Authentication is the raw API key in the Authorization header — no Bearer prefix:
Authorization: GPTPROTO_API_KEY
Synchronous (OpenAI-compatible)
The /v1/images/generations endpoint returns the image in the response. To switch models, change the model string — that's the whole migration:
import requests
import base64
resp = requests.post(
"https://gptproto.com/v1/images/generations",
headers={
"Authorization": "GPTPROTO_API_KEY",
"Content-Type": "application/json",
},
json={
"model": "gemini-3.1-flash-image-preview", # swap to "gpt-image-2", "gemini-3-pro-image-preview", ...

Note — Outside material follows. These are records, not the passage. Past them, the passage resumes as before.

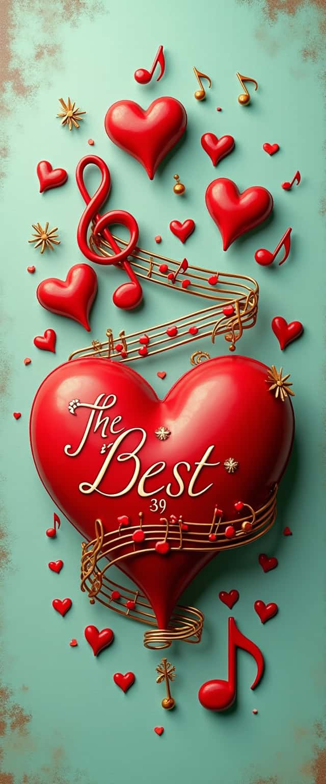 A soft mint green paper background, layered with a stylized, three-dimensional red heart resting low, surrounded by smaller 3D hearts and vintage musical notes floating above. Engraved beneath the heart reads, 'the best' in elegant script, with '+39' encircling it.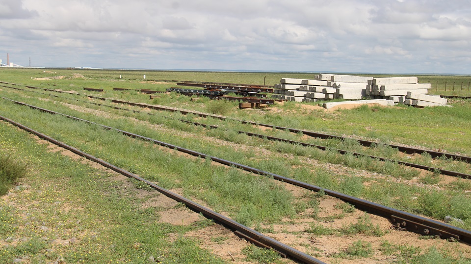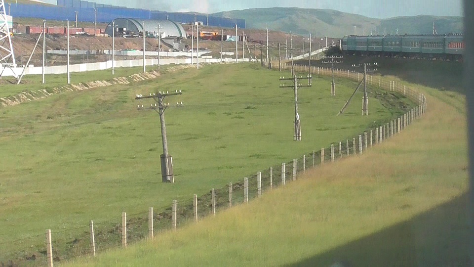 モンゴルの鉄道は軌間(2本のレールの間隔)1520mm、中国は1435mm、中国に入って最初の駅、二連浩特までは1520mmなのでモンゴルからの列車はそのまま国境を越えてゆく。旅客列車は二連浩特駅で台車交換、北京、呼和浩特方面に向かい、貨物列車は積荷を中国の貨車に積み替える。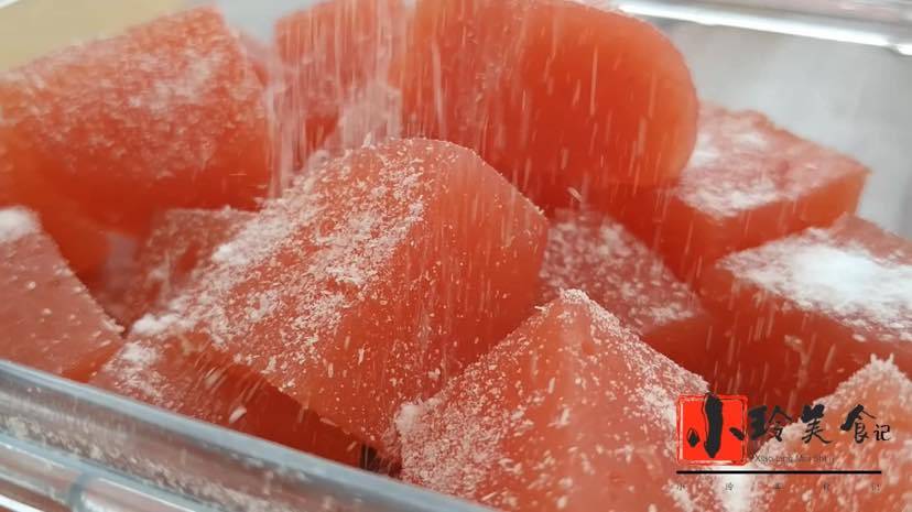 11.裹上椰蓉也非常好吃,西红柿这样做真的非常好吃,特别Q弹,酸酸甜甜的特别开胃又解暑,多做点放到冰箱里冷藏,天热了吃上一块哇凉哇凉的,自己做的好吃又健康,喜欢你也试一下吧!

"prompt": "An editorial product photo of a matte black camera on red lacquer",
"size": "16:9",
},
)
data = resp.json()
b64 = data["data"][0]["b64_json"]
with open("output.png", "wb") as f:
f.write(base64.b64decode(b64))
The response also carries a usage object with token counts, which is how you reconcile spend on the metered GPT Image models. Size handling differs per model — the Gemini line takes aspect ratios like 16:9, while GPT Image takes pixel sizes — so check the target model's page when you switch.

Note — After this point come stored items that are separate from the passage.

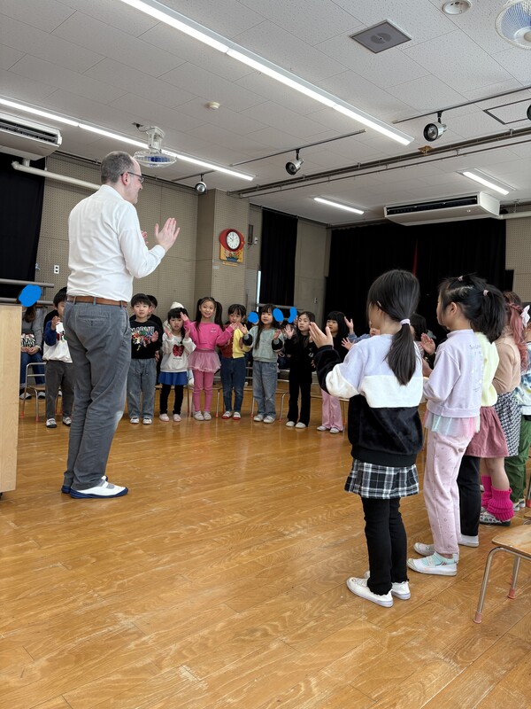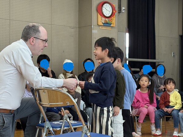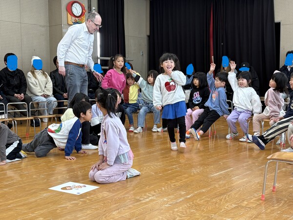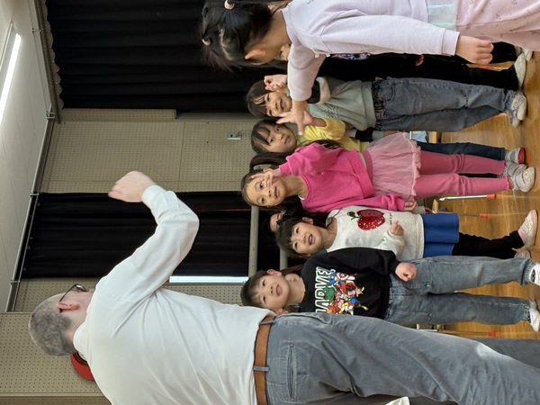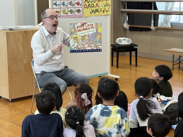 | 2月18日(水)ばら組「ECC教室参観」を行いました。 4月から英語に親しんできて、ECC教室が大好きなばら組の子ども達!今日は初めてネイティブの講師が来られるということで少しドキドキしていましたが、 優しく、ユーモアたっぷりのエリック先生とすぐに仲良くなり、普段通りのECC教室の様子を見て頂くことが出来ました。 レッスンでは、つみき、ボール、人形、縄跳び、クマのぬいぐるみのカードを使って、「好きなカードはどれ?」という質問に答えたり、一人ひとりカードを持って「フルーツバスケット」の様に席を移動して遊んだり、楽しみながら英単語を学ぶことが出来ました! 最後には絵本も読んでいただき、表情豊かなエリック先生と大笑いしながら楽しんでいました♪ これからも英語に触れることで、発音やリズムを楽しみながら、英語に親しむ土台作りをしていきたいと思います。 |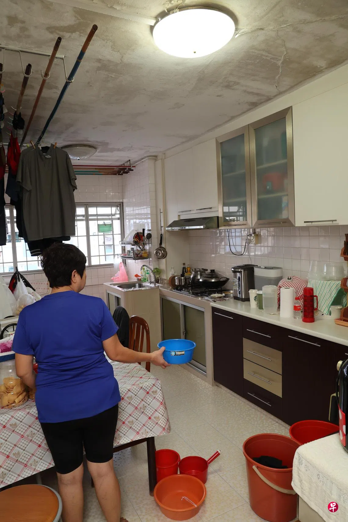 “每逢下雨天,厨房天花板就会漏水,我还得摆阵,放出水桶、水盆盛水。”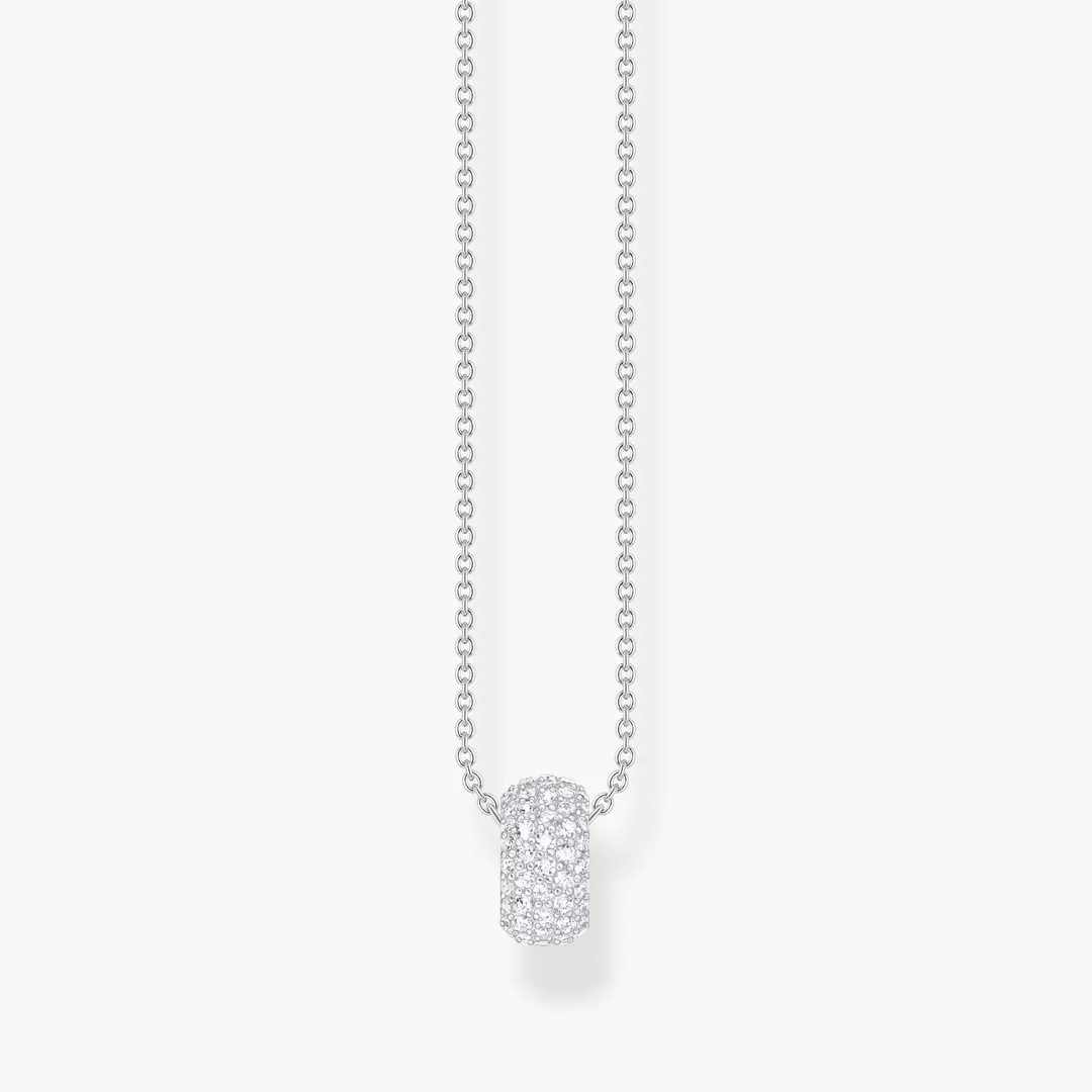 Det här halsbandets blickfång är hänget som är infattat med fina, vita zirkonia-pavéer på framsidan. Denna eleganta, moderna design representerar perfekt den sanna essensen av varumärket THOMAS SABO och hyllar tidlös skönhet. Såväl halsbandet som hänget är tillverkade av återvunnet 925 sterling silver. Längden kan justeras mellan 40 och 45 cm.

Asynchronous (submit and poll)
The ByteDance-lineage models like Seedream 5.0 run on the /api/v3/ path: you submit a job, get an id, and poll for the result.
import requests
import time
submit = requests.post(
"https://gptproto.com/api/v3/bytedance/seedream-5-0-260128/text-to-image",
headers={
"Authorization": "GPTPROTO_API_KEY",
"Content-Type": "application/json",
},
json={
"prompt": "Cute character wallpaper for a phone lock screen, soft studio lighting",
"size": "2227*3183",
"enable_sync_mode": False,
},
).json()
get_url = submit["data"]["urls"]["get"]
while True:
result = requests.get(
get_url,
headers={"Authorization": "GPTPROTO_API_KEY"},
).json()
if result["data"]["status"] == "completed":
print(result["data"]["outputs"])
break
time.sleep(2)
Errors you'll actually hit
| Code |
Meaning |
What to do |
| 401 |
API key missing or invalid |
Check the Authorization header |
| 403 |
No access, or insufficient balance |
Top up credits or check key scope |
| 429 |
Rate limit exceeded |
Back off and retry |
| 503 |
Content-policy block (underlying 400) |
Catch it; route or rephrase the prompt |
Gemini capability matrix (from the docs)
| Feature |
Gemini 2.5 Flash |
Gemini 3.1 Flash (Nano Banana 2) |
Gemini 3 Pro (Nano Banana Pro) |
| Resolutions |
1K |
0.5K, 1K, 2K, 4K |
1K, 2K, 4K |
| Max reference images |
3 |
14 |
14 |
| Ultra-wide ratios |
— |
1:4, 4:1, 1:8, 8:1 |
— |
| Image-search grounding |
— |
yes |
— |
That migration story — change one string, keep your client, fall back across providers when one is down — is the actual reason to call image models through an aggregator instead of wiring up four SDKs. Start from the model catalog and the GPT Proto homepage to see the full set.
Prices and Arena rankings reflect the live model pages and the Artificial Analysis Image Arena at the time of writing. Both change often — check the linked model pages before budgeting.